WHAT YOU NEED TO DO »
All of the data is to be written out again exactly, without the pictures.

DATA EXCERPT »

==============================

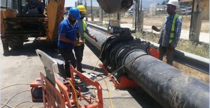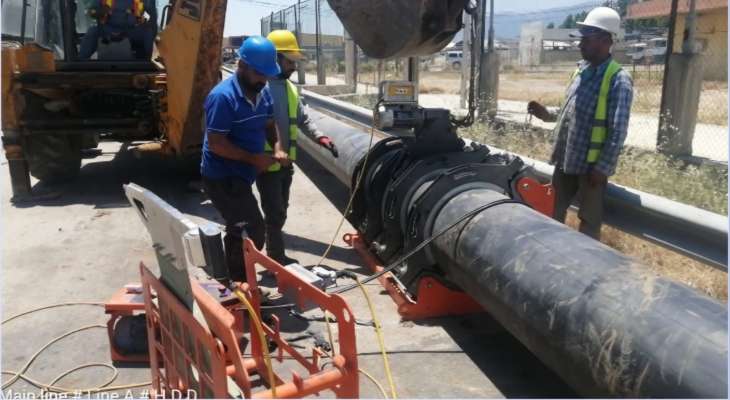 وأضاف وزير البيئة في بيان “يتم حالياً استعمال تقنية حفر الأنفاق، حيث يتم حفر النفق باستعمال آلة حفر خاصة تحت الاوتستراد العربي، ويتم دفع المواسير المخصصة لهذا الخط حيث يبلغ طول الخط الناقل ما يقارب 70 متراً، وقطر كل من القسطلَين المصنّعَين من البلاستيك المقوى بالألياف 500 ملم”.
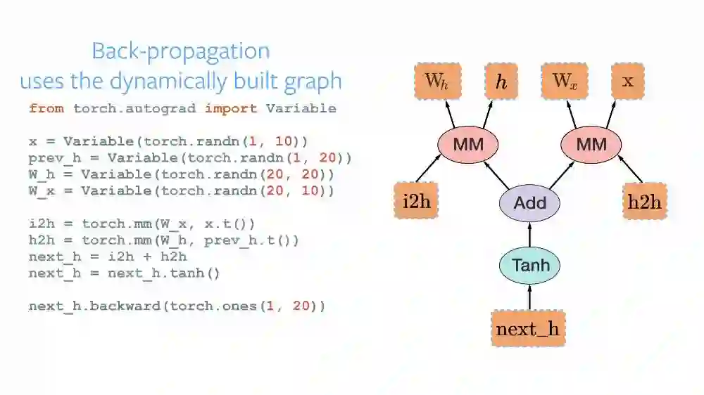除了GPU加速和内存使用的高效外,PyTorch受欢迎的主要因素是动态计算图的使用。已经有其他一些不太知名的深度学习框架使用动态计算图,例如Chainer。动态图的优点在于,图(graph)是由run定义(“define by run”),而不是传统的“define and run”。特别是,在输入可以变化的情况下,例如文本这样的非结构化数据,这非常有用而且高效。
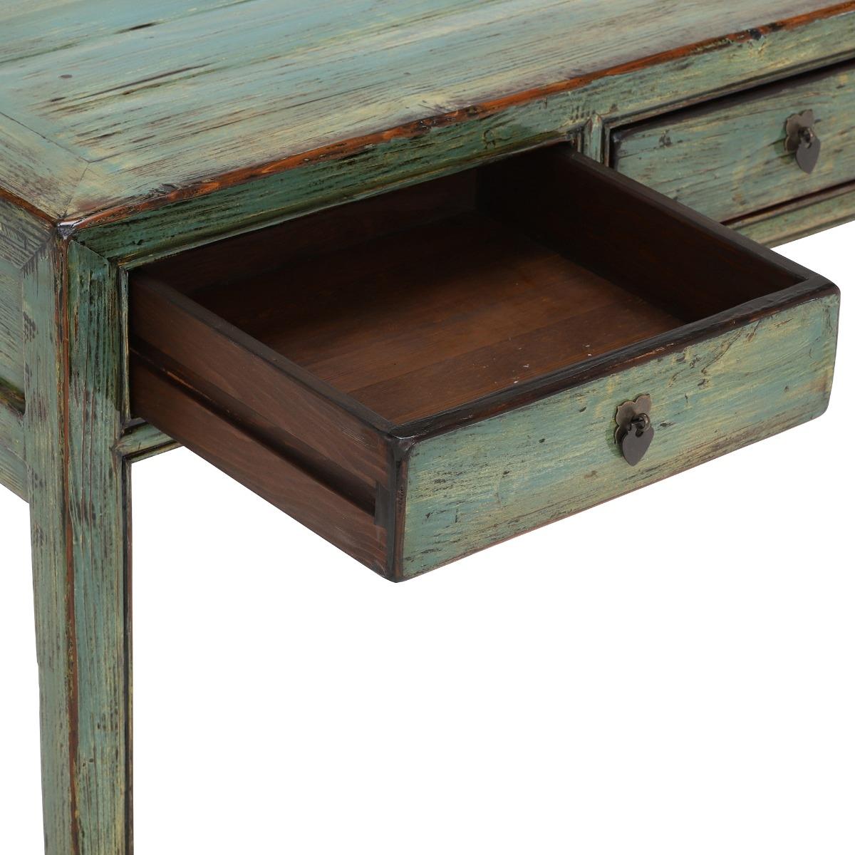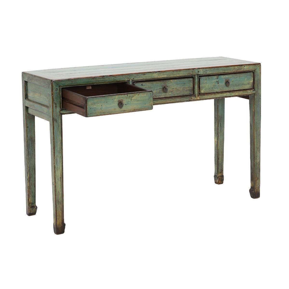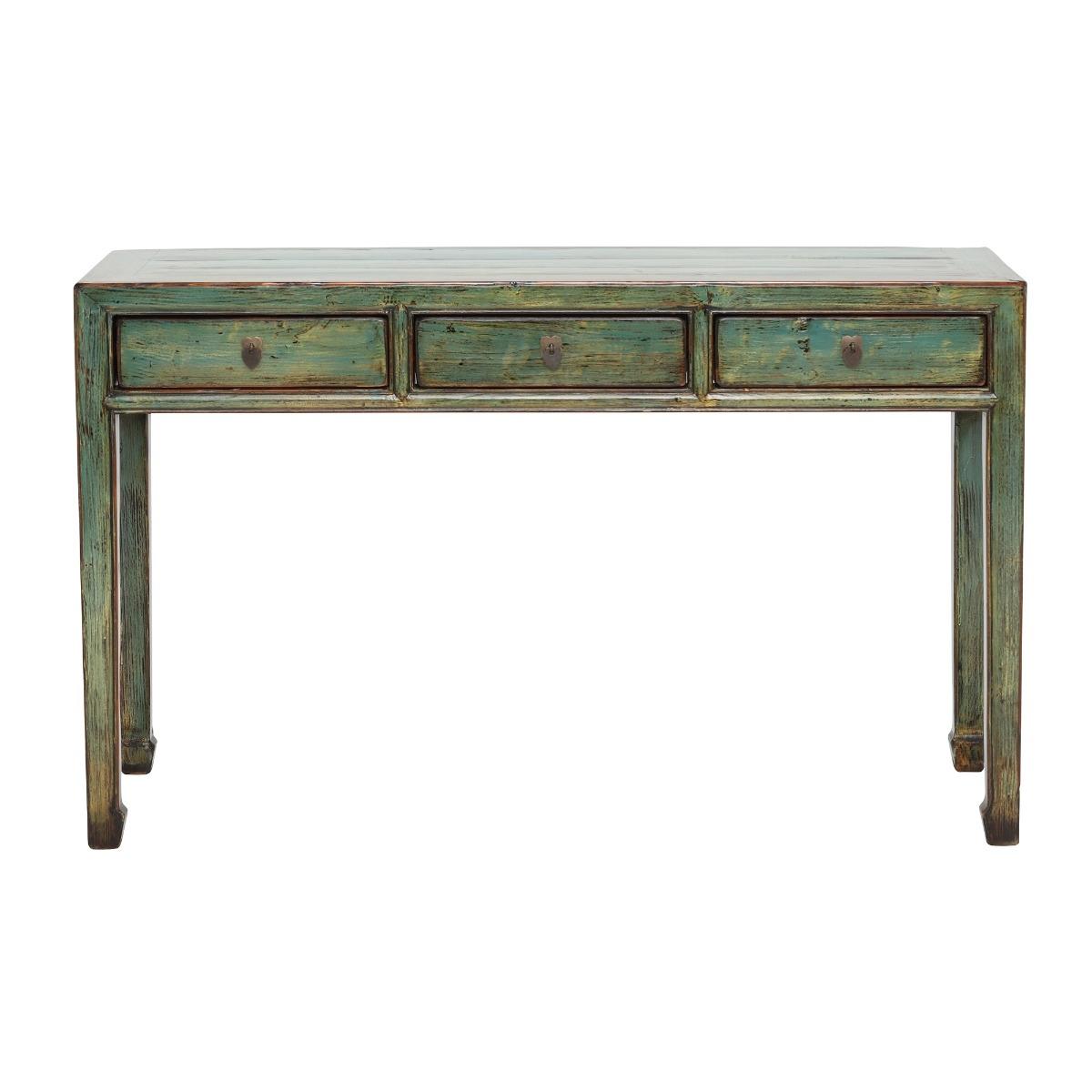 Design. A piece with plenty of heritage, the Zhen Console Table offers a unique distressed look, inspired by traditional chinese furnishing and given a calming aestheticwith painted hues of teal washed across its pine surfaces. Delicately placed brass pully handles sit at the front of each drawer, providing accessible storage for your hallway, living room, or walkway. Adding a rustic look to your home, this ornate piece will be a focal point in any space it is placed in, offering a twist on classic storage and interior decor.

==============================

RESULT OF THE EXERCISE »
 وأضاف وزير البيئة في بيان “يتم حالياً استعمال تقنية حفر الأنفاق، حيث يتم حفر النفق باستعمال آلة حفر خاصة تحت الاوتستراد العربي، ويتم دفع المواسير المخصصة لهذا الخط حيث يبلغ طول الخط الناقل ما يقارب 70 متراً، وقطر كل من القسطلَين المصنّعَين من البلاستيك المقوى بالألياف 500 ملم”.
除了GPU加速和内存使用的高效外,PyTorch受欢迎的主要因素是动态计算图的使用。已经有其他一些不太知名的深度学习框架使用动态计算图,例如Chainer。动态图的优点在于,图(graph)是由run定义(“define by run”),而不是传统的“define and run”。特别是,在输入可以变化的情况下,例如文本这样的非结构化数据,这非常有用而且高效。
 Design. A piece with plenty of heritage, the Zhen Console Table offers a unique distressed look, inspired by traditional chinese furnishing and given a calming aestheticwith painted hues of teal washed across its pine surfaces. Delicately placed brass pully handles sit at the front of each drawer, providing accessible storage for your hallway, living room, or walkway. Adding a rustic look to your home, this ornate piece will be a focal point in any space it is placed in, offering a twist on classic storage and interior decor.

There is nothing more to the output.